# [What to produce]
Repeat the records below exactly from the line containing "充電式のライトですがUSBに" to the line containing "Schließlich konnten es", taking in both of those lines. Drop the pictures.

# [Input data]
Content starts

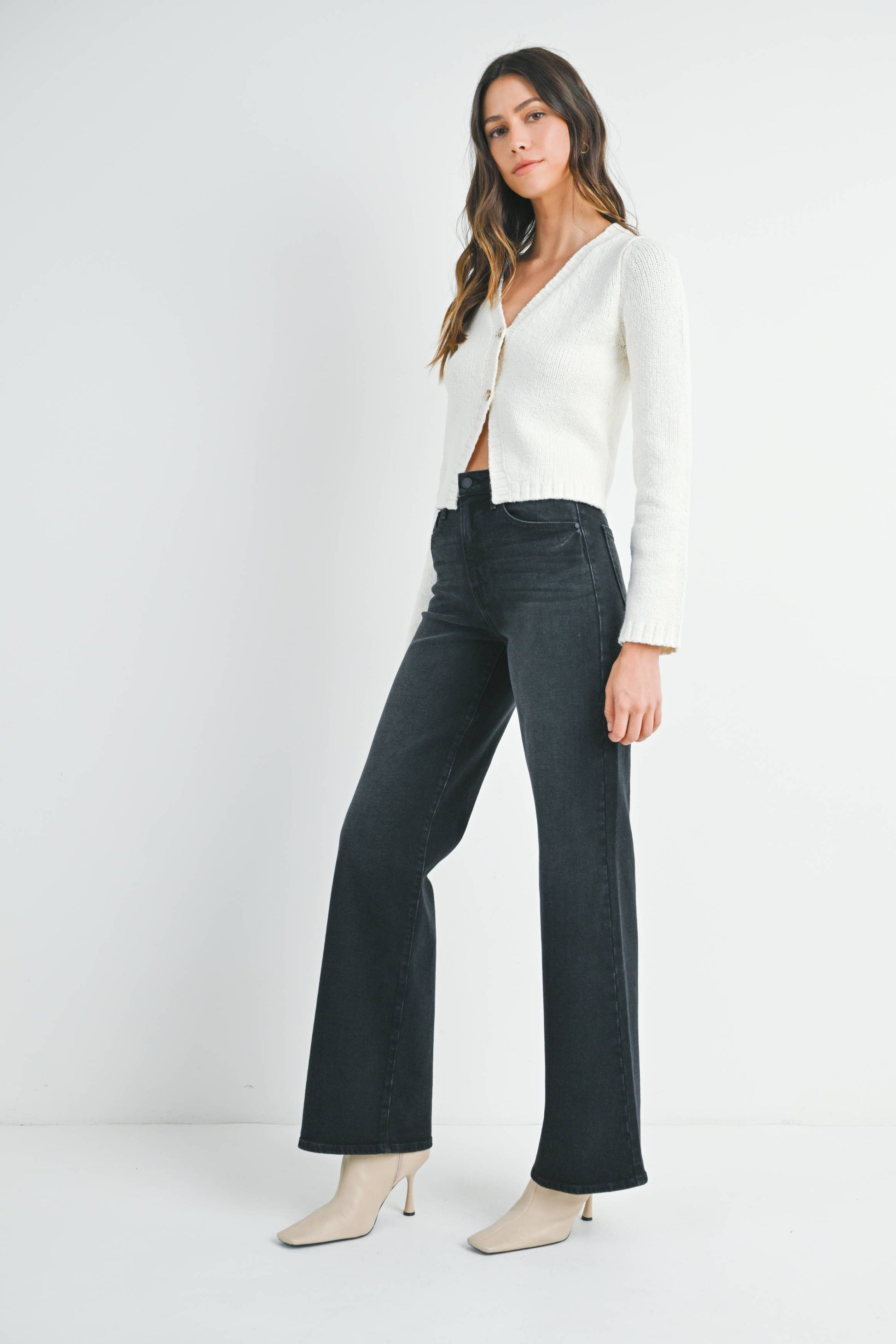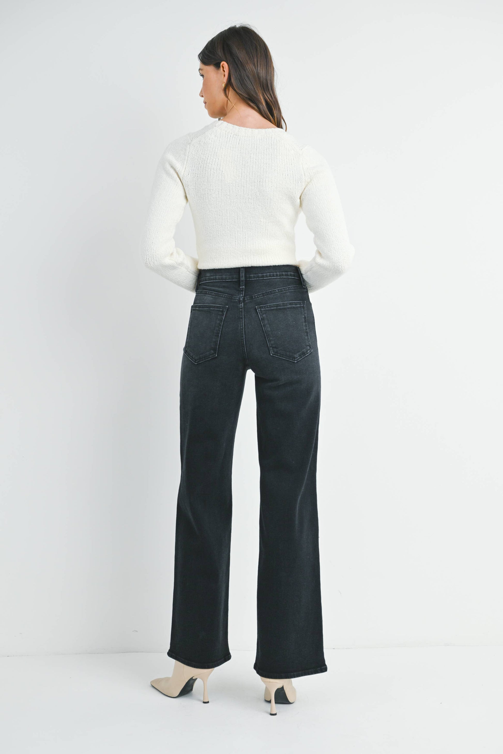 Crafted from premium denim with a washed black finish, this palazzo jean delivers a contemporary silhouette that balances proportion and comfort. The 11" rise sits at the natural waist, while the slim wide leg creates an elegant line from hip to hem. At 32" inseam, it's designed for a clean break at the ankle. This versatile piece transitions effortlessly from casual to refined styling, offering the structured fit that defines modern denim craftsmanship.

Content ends
Content starts

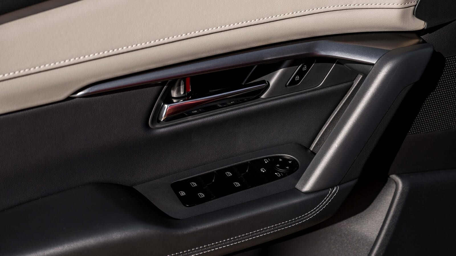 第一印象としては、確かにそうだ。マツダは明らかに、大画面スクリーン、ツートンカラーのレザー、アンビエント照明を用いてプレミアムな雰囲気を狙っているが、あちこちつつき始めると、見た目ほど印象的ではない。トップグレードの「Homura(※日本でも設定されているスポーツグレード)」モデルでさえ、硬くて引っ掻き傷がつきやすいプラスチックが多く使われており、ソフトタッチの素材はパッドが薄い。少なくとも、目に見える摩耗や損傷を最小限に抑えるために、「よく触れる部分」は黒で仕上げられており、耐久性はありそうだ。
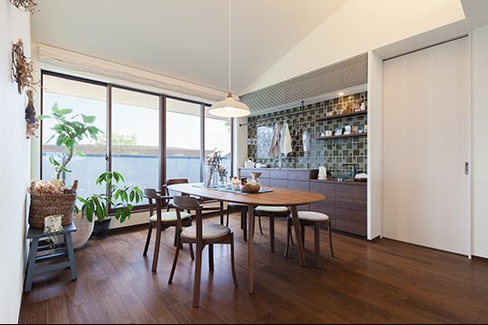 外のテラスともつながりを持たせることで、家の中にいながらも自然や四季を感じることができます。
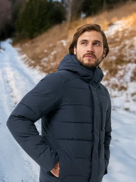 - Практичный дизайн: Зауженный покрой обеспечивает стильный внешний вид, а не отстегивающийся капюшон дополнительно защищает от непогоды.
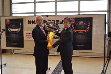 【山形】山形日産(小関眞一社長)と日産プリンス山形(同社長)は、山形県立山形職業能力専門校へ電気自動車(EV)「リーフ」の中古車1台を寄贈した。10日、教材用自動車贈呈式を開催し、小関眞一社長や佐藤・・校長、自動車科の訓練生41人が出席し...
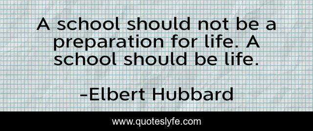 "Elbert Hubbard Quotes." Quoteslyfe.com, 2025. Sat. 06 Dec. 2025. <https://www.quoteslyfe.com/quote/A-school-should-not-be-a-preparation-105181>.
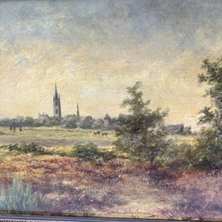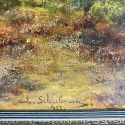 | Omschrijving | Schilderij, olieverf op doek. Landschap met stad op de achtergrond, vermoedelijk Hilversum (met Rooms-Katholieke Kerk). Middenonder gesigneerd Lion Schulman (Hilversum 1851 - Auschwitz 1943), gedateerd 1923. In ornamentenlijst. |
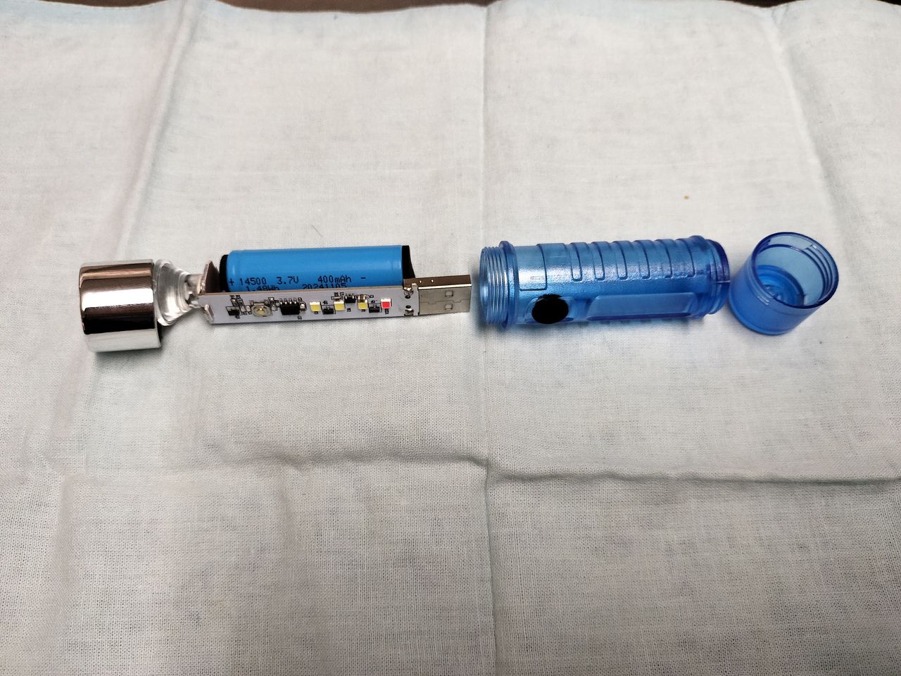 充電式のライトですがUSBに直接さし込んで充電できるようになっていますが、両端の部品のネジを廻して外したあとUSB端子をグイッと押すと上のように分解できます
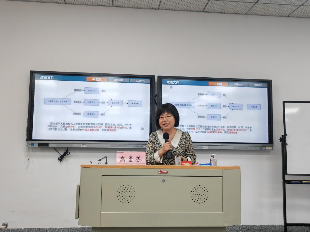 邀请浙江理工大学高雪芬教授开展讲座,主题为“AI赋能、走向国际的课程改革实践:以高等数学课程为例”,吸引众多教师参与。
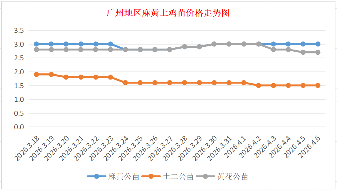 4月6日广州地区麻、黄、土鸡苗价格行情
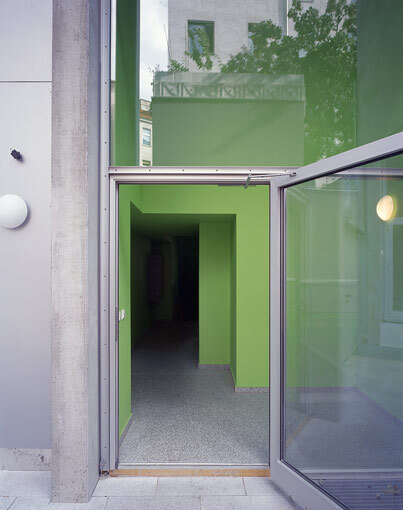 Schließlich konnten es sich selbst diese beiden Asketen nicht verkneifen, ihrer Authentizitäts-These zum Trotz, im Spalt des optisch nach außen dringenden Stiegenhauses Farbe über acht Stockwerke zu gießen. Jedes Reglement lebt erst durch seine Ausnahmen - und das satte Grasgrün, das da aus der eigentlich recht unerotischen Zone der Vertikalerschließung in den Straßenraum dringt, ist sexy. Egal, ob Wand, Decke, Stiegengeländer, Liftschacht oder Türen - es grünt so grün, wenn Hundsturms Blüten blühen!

Content ends

# [Task output]
 充電式のライトですがUSBに直接さし込んで充電できるようになっていますが、両端の部品のネジを廻して外したあとUSB端子をグイッと押すと上のように分解できます
 邀请浙江理工大学高雪芬教授开展讲座,主题为“AI赋能、走向国际的课程改革实践:以高等数学课程为例”,吸引众多教师参与。
 4月6日广州地区麻、黄、土鸡苗价格行情
 Schließlich konnten es sich selbst diese beiden Asketen nicht verkneifen, ihrer Authentizitäts-These zum Trotz, im Spalt des optisch nach außen dringenden Stiegenhauses Farbe über acht Stockwerke zu gießen. Jedes Reglement lebt erst durch seine Ausnahmen - und das satte Grasgrün, das da aus der eigentlich recht unerotischen Zone der Vertikalerschließung in den Straßenraum dringt, ist sexy. Egal, ob Wand, Decke, Stiegengeländer, Liftschacht oder Türen - es grünt so grün, wenn Hundsturms Blüten blühen!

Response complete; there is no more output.